** Opening Available records block **

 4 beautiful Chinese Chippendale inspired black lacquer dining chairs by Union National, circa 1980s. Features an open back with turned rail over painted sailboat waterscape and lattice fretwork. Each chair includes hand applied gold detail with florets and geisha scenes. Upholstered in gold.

** Closing Available records block **
** Opening Available records block **

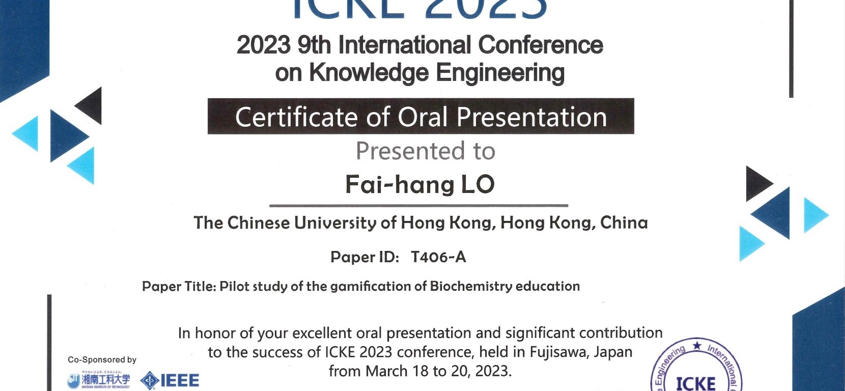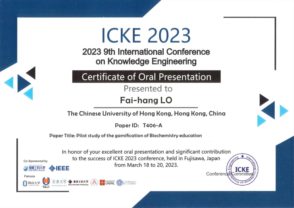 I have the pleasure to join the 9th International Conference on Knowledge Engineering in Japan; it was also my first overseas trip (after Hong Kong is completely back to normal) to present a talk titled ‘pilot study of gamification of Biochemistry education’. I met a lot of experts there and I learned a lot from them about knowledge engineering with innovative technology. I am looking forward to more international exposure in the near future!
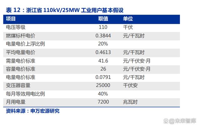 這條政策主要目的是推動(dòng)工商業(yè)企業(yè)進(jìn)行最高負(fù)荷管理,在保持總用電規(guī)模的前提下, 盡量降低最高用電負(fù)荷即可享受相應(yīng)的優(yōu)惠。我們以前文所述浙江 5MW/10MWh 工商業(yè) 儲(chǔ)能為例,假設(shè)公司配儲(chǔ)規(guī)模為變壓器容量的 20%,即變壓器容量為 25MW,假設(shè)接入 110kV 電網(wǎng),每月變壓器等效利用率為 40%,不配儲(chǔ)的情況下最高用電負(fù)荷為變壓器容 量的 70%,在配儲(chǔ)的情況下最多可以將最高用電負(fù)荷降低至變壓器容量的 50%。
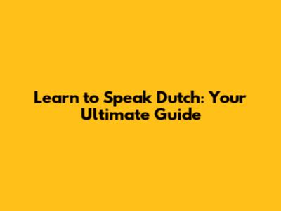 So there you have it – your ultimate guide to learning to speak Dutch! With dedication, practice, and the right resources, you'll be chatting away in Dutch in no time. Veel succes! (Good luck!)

** Closing Available records block **
** Opening Available records block **

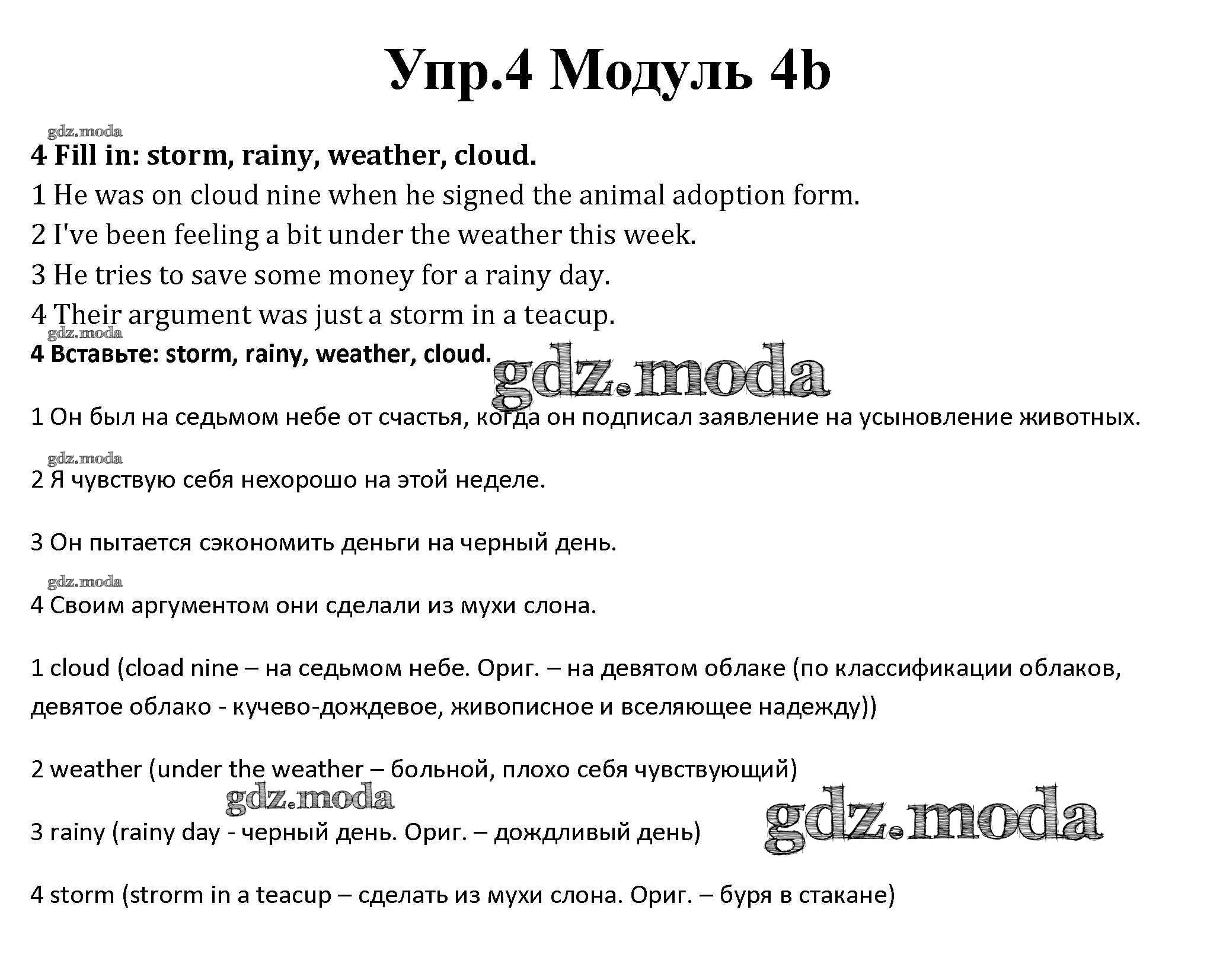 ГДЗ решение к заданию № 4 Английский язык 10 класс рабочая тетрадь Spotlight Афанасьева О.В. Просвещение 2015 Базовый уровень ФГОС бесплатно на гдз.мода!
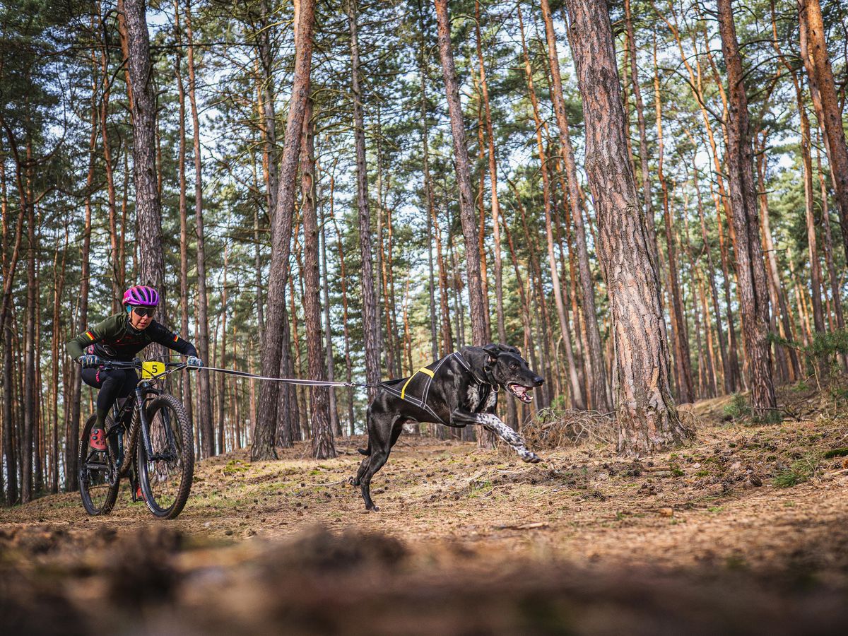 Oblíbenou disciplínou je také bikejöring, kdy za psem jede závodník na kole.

** Closing Available records block **

*What you should do*:
Transcribe only this stretch of the data: the line with "量的 70%,在配儲(chǔ)的情況下最多可以將最高用電負(fù)荷降低至變壓器容量的 50%。", the line with "So there you", and every line in between. Leave out the pictures.

*Result for this task*:
 這條政策主要目的是推動(dòng)工商業(yè)企業(yè)進(jìn)行最高負(fù)荷管理,在保持總用電規(guī)模的前提下, 盡量降低最高用電負(fù)荷即可享受相應(yīng)的優(yōu)惠。我們以前文所述浙江 5MW/10MWh 工商業(yè) 儲(chǔ)能為例,假設(shè)公司配儲(chǔ)規(guī)模為變壓器容量的 20%,即變壓器容量為 25MW,假設(shè)接入 110kV 電網(wǎng),每月變壓器等效利用率為 40%,不配儲(chǔ)的情況下最高用電負(fù)荷為變壓器容 量的 70%,在配儲(chǔ)的情況下最多可以將最高用電負(fù)荷降低至變壓器容量的 50%。
 So there you have it – your ultimate guide to learning to speak Dutch! With dedication, practice, and the right resources, you'll be chatting away in Dutch in no time. Veel succes! (Good luck!)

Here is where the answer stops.